## [Task]
Copy the records below exactly, starting at the line that contains "Our 2026 Texas Labor Law Poster includes" and ending at the line that contains "sharp edges. |"; leave out any pictures.

## [Source material]
- - - - - - -

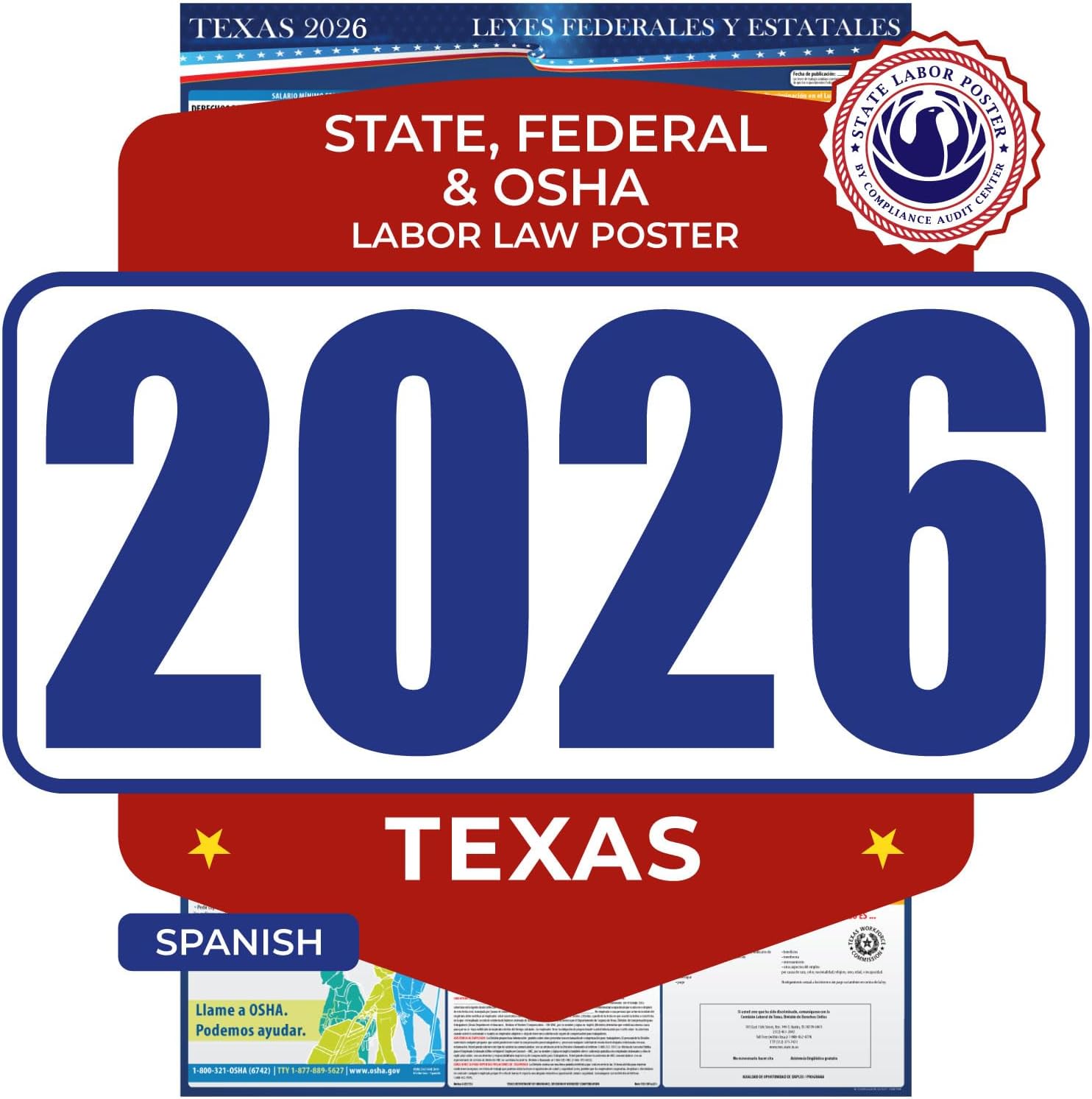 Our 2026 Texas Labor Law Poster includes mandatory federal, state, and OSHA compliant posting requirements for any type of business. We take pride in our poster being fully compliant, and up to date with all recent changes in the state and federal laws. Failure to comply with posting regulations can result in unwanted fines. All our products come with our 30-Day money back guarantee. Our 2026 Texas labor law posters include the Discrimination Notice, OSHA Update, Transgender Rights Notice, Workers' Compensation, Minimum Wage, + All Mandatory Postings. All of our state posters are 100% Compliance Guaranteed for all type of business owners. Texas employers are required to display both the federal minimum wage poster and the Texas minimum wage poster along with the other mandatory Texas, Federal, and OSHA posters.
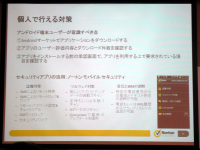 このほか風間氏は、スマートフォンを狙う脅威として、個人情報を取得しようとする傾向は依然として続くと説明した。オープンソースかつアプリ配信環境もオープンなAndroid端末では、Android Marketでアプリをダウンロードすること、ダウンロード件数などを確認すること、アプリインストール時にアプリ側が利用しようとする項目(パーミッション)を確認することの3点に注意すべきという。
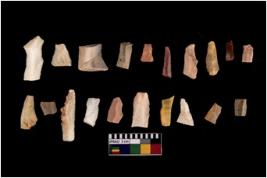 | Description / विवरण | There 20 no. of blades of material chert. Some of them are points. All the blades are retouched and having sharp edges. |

- - - - - - -

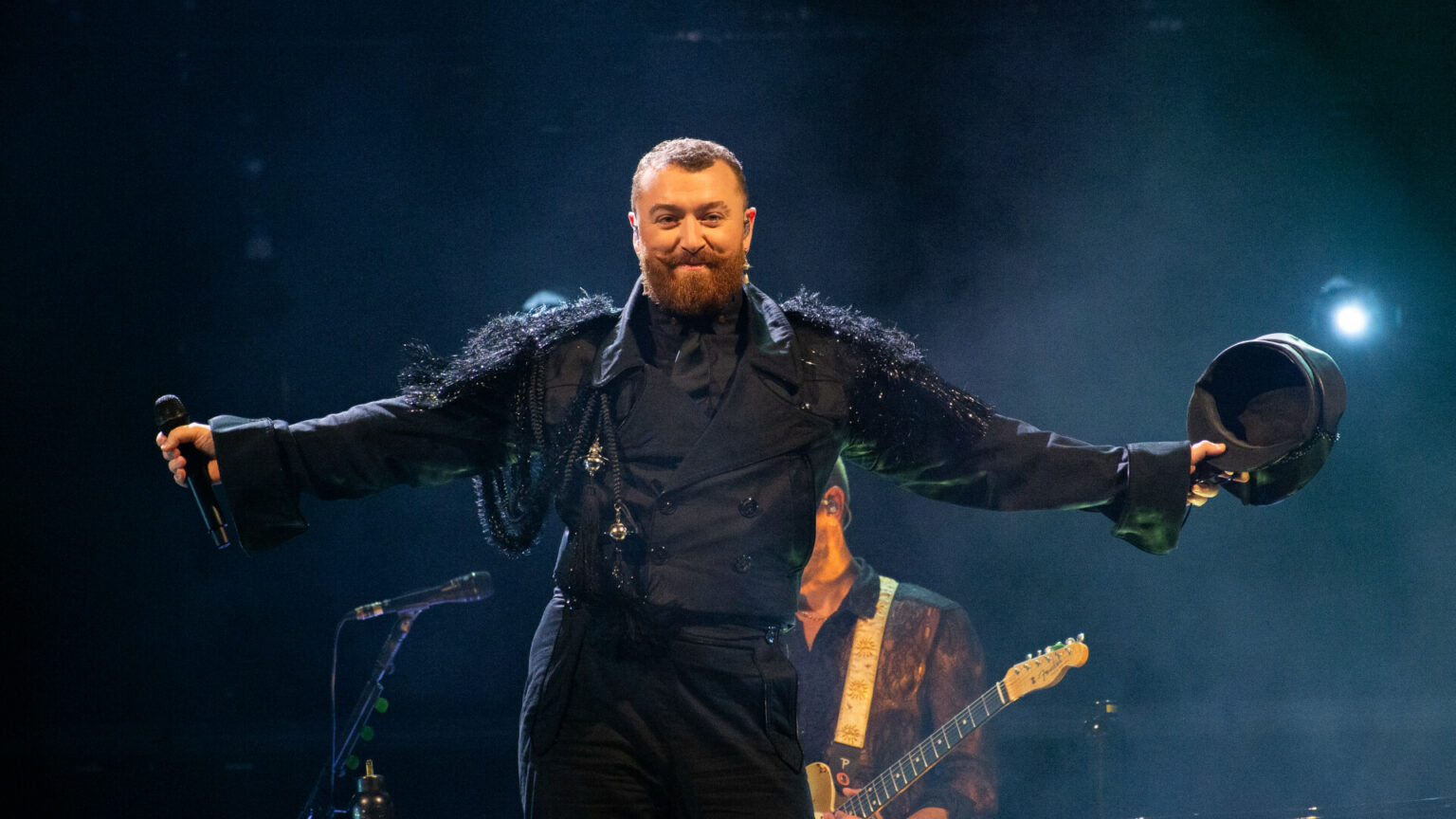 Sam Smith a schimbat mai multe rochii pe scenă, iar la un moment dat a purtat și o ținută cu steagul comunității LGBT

- - - - - - -

## [Finished task]
 Our 2026 Texas Labor Law Poster includes mandatory federal, state, and OSHA compliant posting requirements for any type of business. We take pride in our poster being fully compliant, and up to date with all recent changes in the state and federal laws. Failure to comply with posting regulations can result in unwanted fines. All our products come with our 30-Day money back guarantee. Our 2026 Texas labor law posters include the Discrimination Notice, OSHA Update, Transgender Rights Notice, Workers' Compensation, Minimum Wage, + All Mandatory Postings. All of our state posters are 100% Compliance Guaranteed for all type of business owners. Texas employers are required to display both the federal minimum wage poster and the Texas minimum wage poster along with the other mandatory Texas, Federal, and OSHA posters.
 このほか風間氏は、スマートフォンを狙う脅威として、個人情報を取得しようとする傾向は依然として続くと説明した。オープンソースかつアプリ配信環境もオープンなAndroid端末では、Android Marketでアプリをダウンロードすること、ダウンロード件数などを確認すること、アプリインストール時にアプリ側が利用しようとする項目(パーミッション)を確認することの3点に注意すべきという。
 | Description / विवरण | There 20 no. of blades of material chert. Some of them are points. All the blades are retouched and having sharp edges. |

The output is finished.